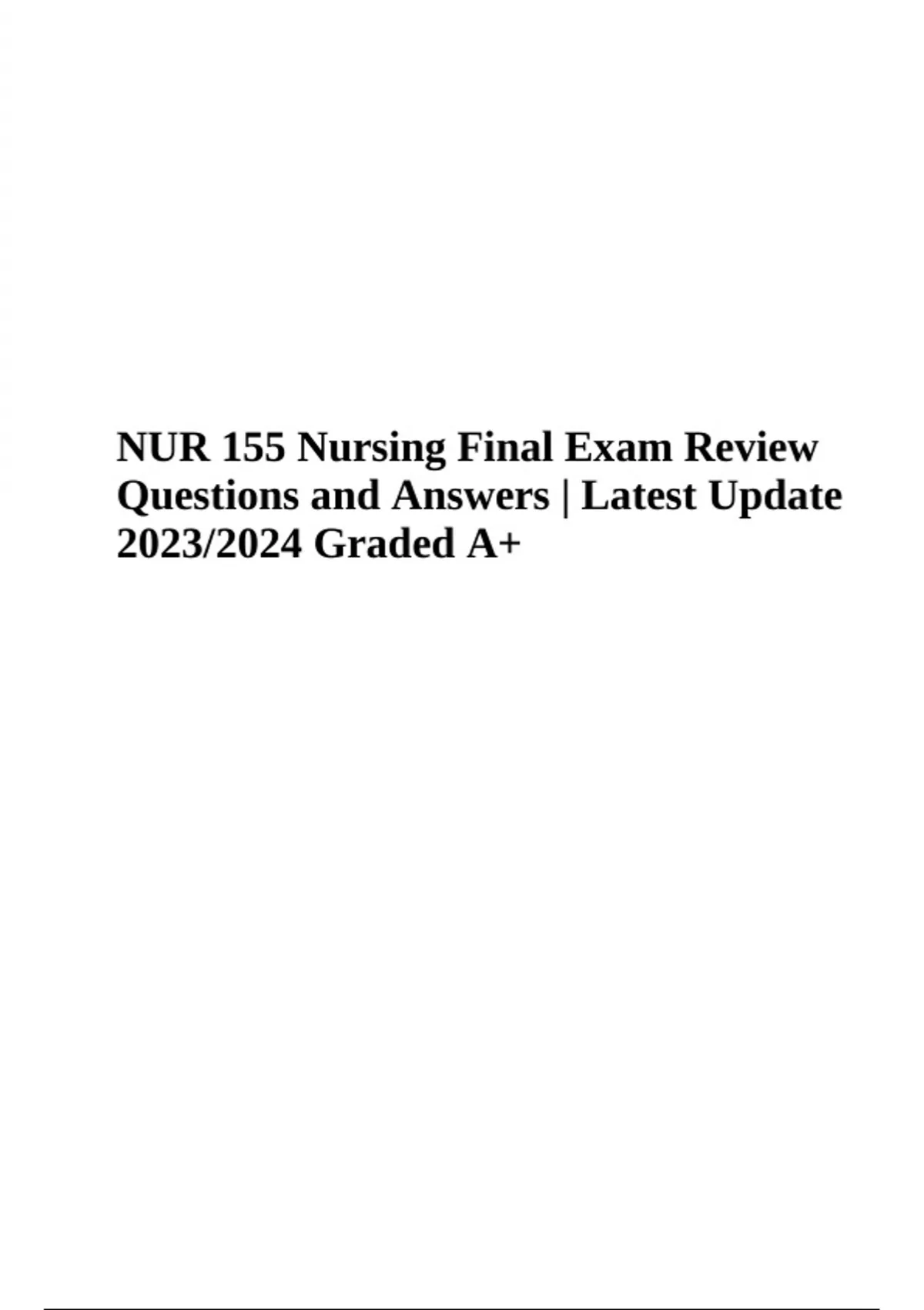 NUR 155 Nursing Final Exam Review Questions and Answers | Latest Update 2023/2024 Graded A+
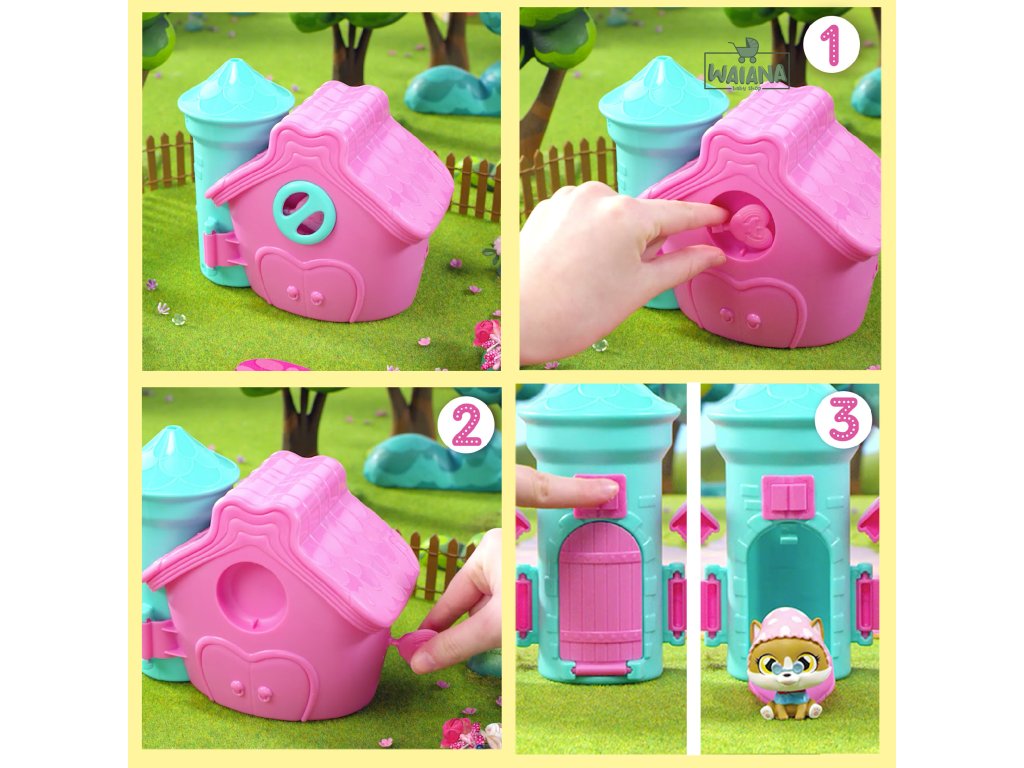 Domček je dostupný v niekoľkých farbách, pričom farba je odoslaná náhodne.Každý balík obsahuje jednu postavičku s príslušenstvom.
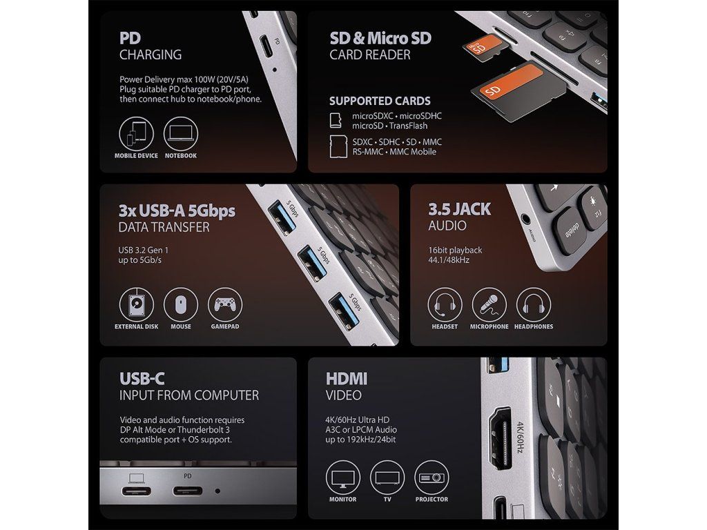 Klávesnice je osazena chiclet klávesami s nůžkovým mechanismem a 2mm zdvihem pro přesné a tiché psaní. Nabízí nastavitelné podsvícení v 5 úrovních a možnost zvětšení sklonu pro pohodlné a ergonomické užívání. HDMI výstup umožňuje připojení externího monitoru, TV nebo projektoru s rozlišením až 4K při 60 Hz, 2K při 120 Hz nebo 1080p při 200 Hz a přenos vícekanálového zvuku. Díky podpoře HDR si můžete vychutnat výrazně rozšířený rozsah barev a kontrastů bez omezení. Tři USB výstupy umožňují připojení externích disků (až 2 současně), flash disku, myši, tiskárny a dalšího příslušenství. USB porty také nabíjí mobilní telefony a tablety výkonem až 7,5 W. Čtečka paměťových karet podporuje čtení a zápis všech verzí SD a microSD karet s kapacitou až 2 TB. Navíc také umožňuje současnou práci s kartami v obou slotech a přímé kopírování mezi nimi. Zvukový výstup 3,5 mm nabízí možnost připojení stereo sluchátek, headsetu nebo aktivních reproduktorů. USB-C vstup je určen pro vhodnou Power Delivery nabíječku. Díky tomu je jak vaše mobilní zařízení, tak i hub napájen přímo z nabíječky s využitím technologie Power Delivery 3.0 s výkonem až do 100 W.
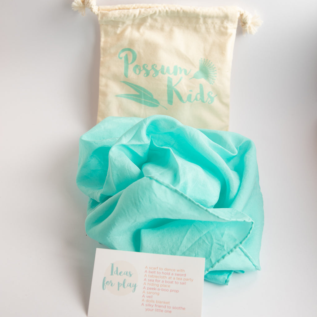- 1 Playsilk handcrafted by Possum Kids : not a random scarf...Silk is a natural fibre that is lightweight and durable and feels that little bit special and luxurious. this playsilk is a versatile toy for children that encourages imaginative play. They can be used as a scarf to dance with, a belt to hold a sword, a tablecloth at a tea party, a dolls blanket or just a silky friend to soothe your little one. You'll be surprised at the games your little ones come up with.

::::::::

● Activity: Please, without any pictures, write out exactly the lines of the listing from its first line through the line that holds "Klávesnice je osazena", ends included, and nothing beyond them.

● Answer space:
 NUR 155 Nursing Final Exam Review Questions and Answers | Latest Update 2023/2024 Graded A+
 Domček je dostupný v niekoľkých farbách, pričom farba je odoslaná náhodne.Každý balík obsahuje jednu postavičku s príslušenstvom.
 Klávesnice je osazena chiclet klávesami s nůžkovým mechanismem a 2mm zdvihem pro přesné a tiché psaní. Nabízí nastavitelné podsvícení v 5 úrovních a možnost zvětšení sklonu pro pohodlné a ergonomické užívání. HDMI výstup umožňuje připojení externího monitoru, TV nebo projektoru s rozlišením až 4K při 60 Hz, 2K při 120 Hz nebo 1080p při 200 Hz a přenos vícekanálového zvuku. Díky podpoře HDR si můžete vychutnat výrazně rozšířený rozsah barev a kontrastů bez omezení. Tři USB výstupy umožňují připojení externích disků (až 2 současně), flash disku, myši, tiskárny a dalšího příslušenství. USB porty také nabíjí mobilní telefony a tablety výkonem až 7,5 W. Čtečka paměťových karet podporuje čtení a zápis všech verzí SD a microSD karet s kapacitou až 2 TB. Navíc také umožňuje současnou práci s kartami v obou slotech a přímé kopírování mezi nimi. Zvukový výstup 3,5 mm nabízí možnost připojení stereo sluchátek, headsetu nebo aktivních reproduktorů. USB-C vstup je určen pro vhodnou Power Delivery nabíječku. Díky tomu je jak vaše mobilní zařízení, tak i hub napájen přímo z nabíječky s využitím technologie Power Delivery 3.0 s výkonem až do 100 W.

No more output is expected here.